British farmer, campaigner and politician

Sir Archibald Hugh Duberly (born 4 April 1942), is a British farmer, campaigner and politician.

Duberly was elected as an independent local councillor for Staughton in Huntingdonshire from 1979 until 2004. During that time, Sir Hugh was President of the Country Landowners' Association, serving from 1993 to 1995.

Sir Hugh was a Commissioner of the Crown Estate for seven years between 2002 and 2009, when he was replaced by Gareth Baird. He is the President of the East of England Agricultural Society for 2015/16.

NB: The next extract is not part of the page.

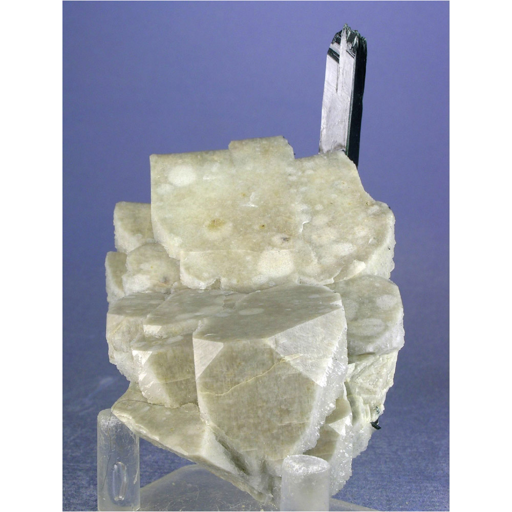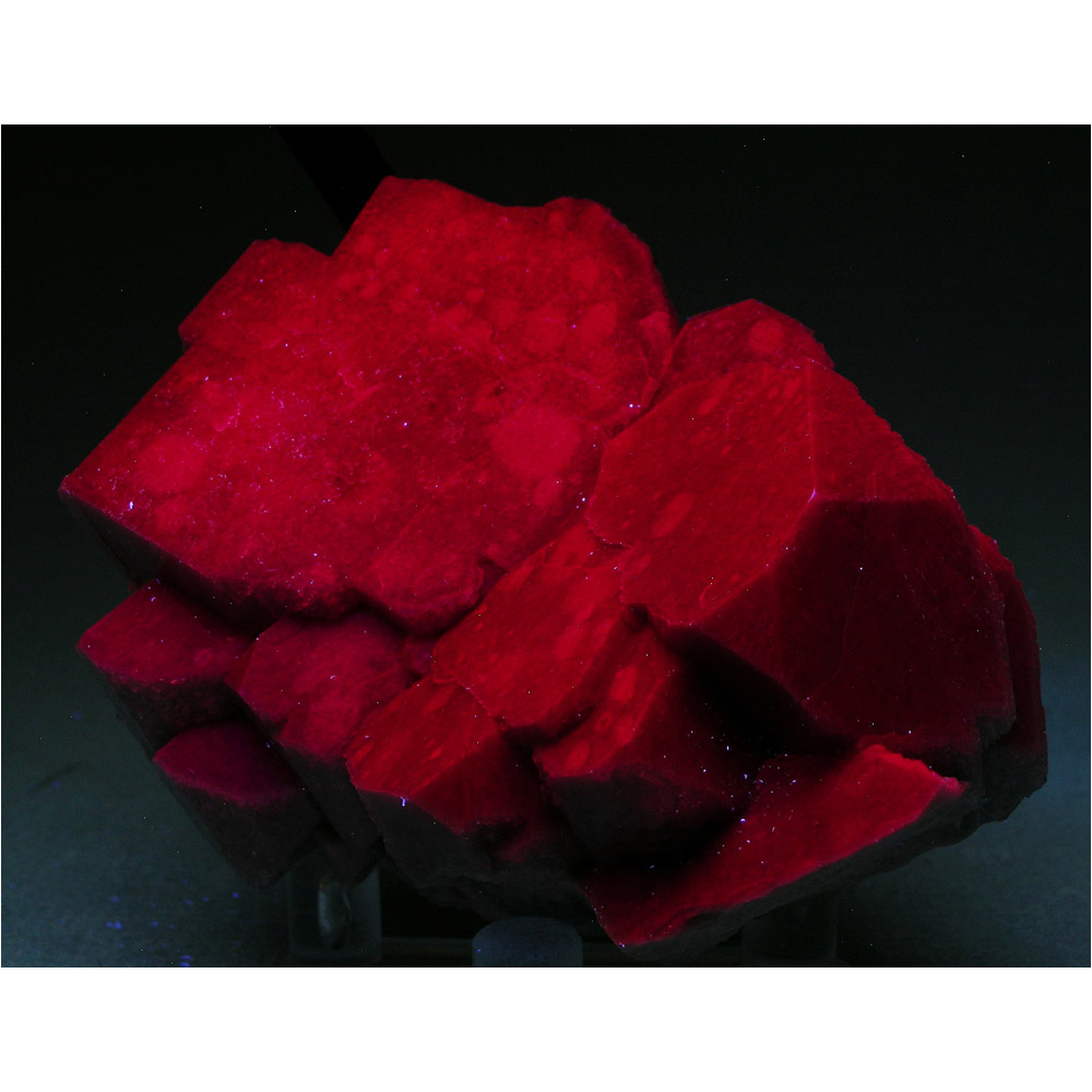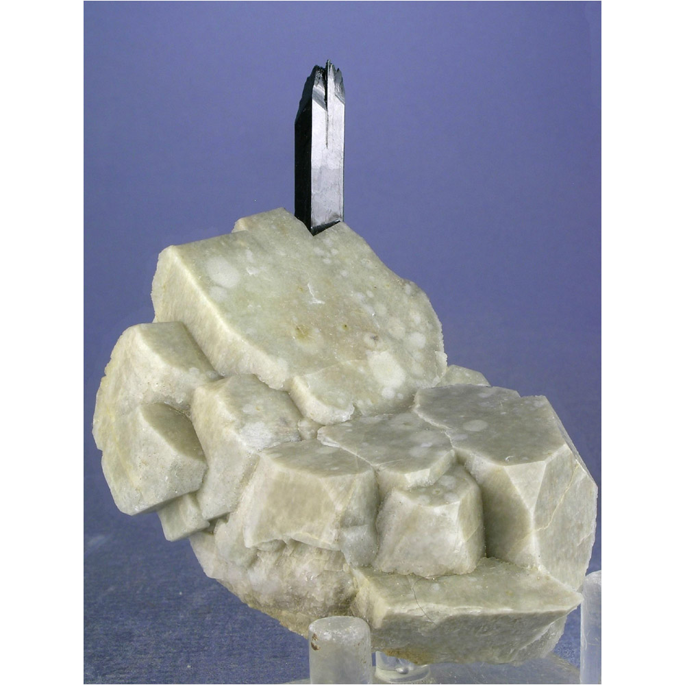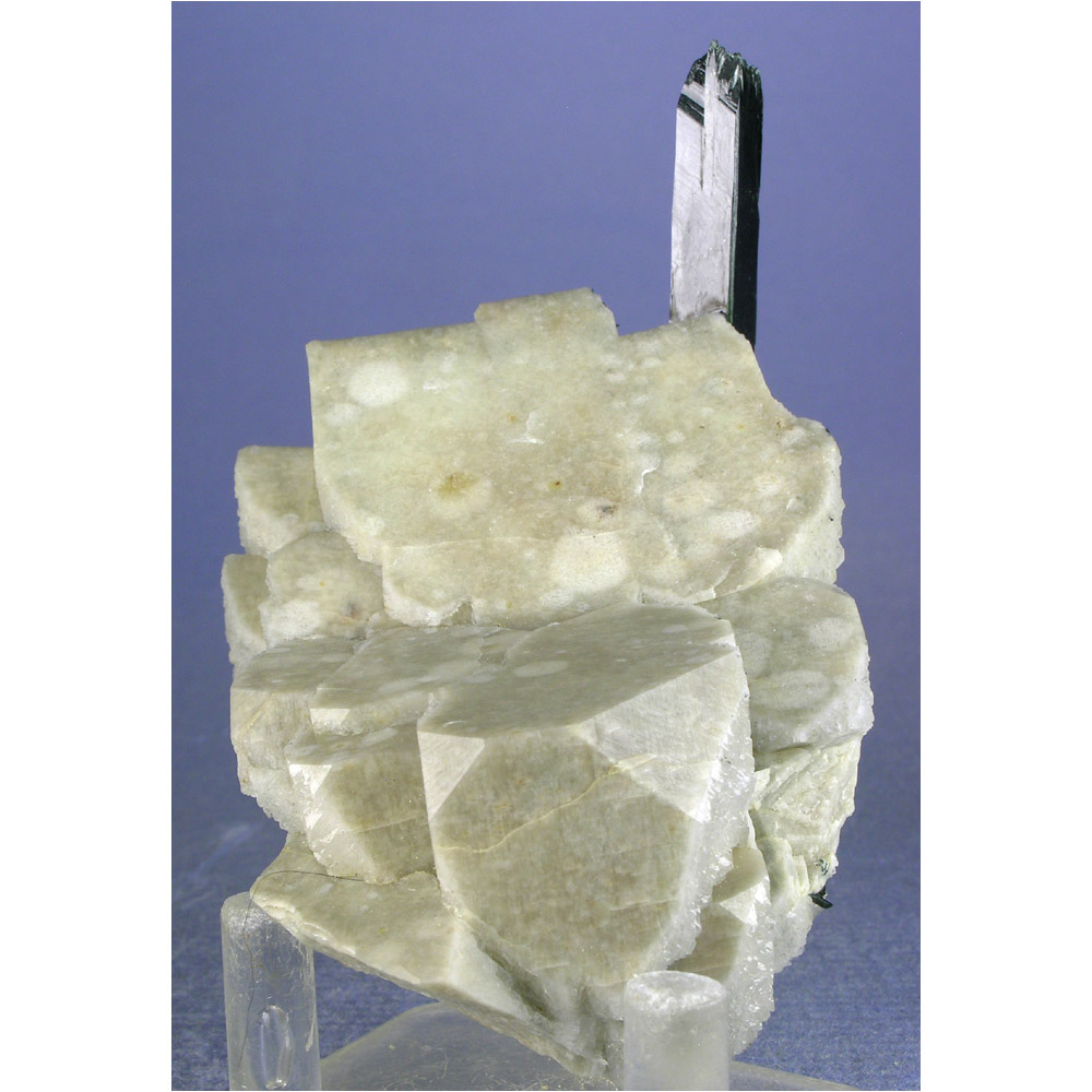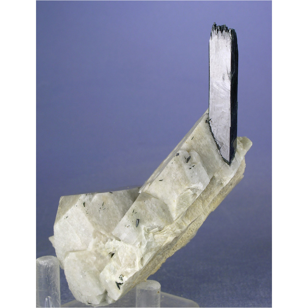 A very gracefully composed specimen of Aegirine with Feldspar from Malawi. It features a single terminated crystal of jet-black Aegerine artfully positioned over a nicely formed group of mottled, off-white Microcline crystals. The Microcline FLUORESCES a reddish-pink under shortwave UV light (see the next photo). Excellent display views all the way around this gracefully composed specimen. All in all, a very attractive cabinet-sized specimen and quite uncommon in this quality.

Sir Hugh was appointed a Deputy Lieutenant for Cambridgeshire in 1989. He served as High Sheriff of Cambridgeshire for 1991–92. He took over from James Crowden as Lord Lieutenant of Cambridgeshire in 2003, serving in the position until 4 April 2017 upon his replacement by Julie Spence. He served on the board of trustees of the disability charity The Papworth Trust from 1992 as a member, and from 1997 as chair, until 2012, when he retired and was replaced by Rob Hammond. He was Chairman of the Governors at Kimbolton School from 1992 to 2000.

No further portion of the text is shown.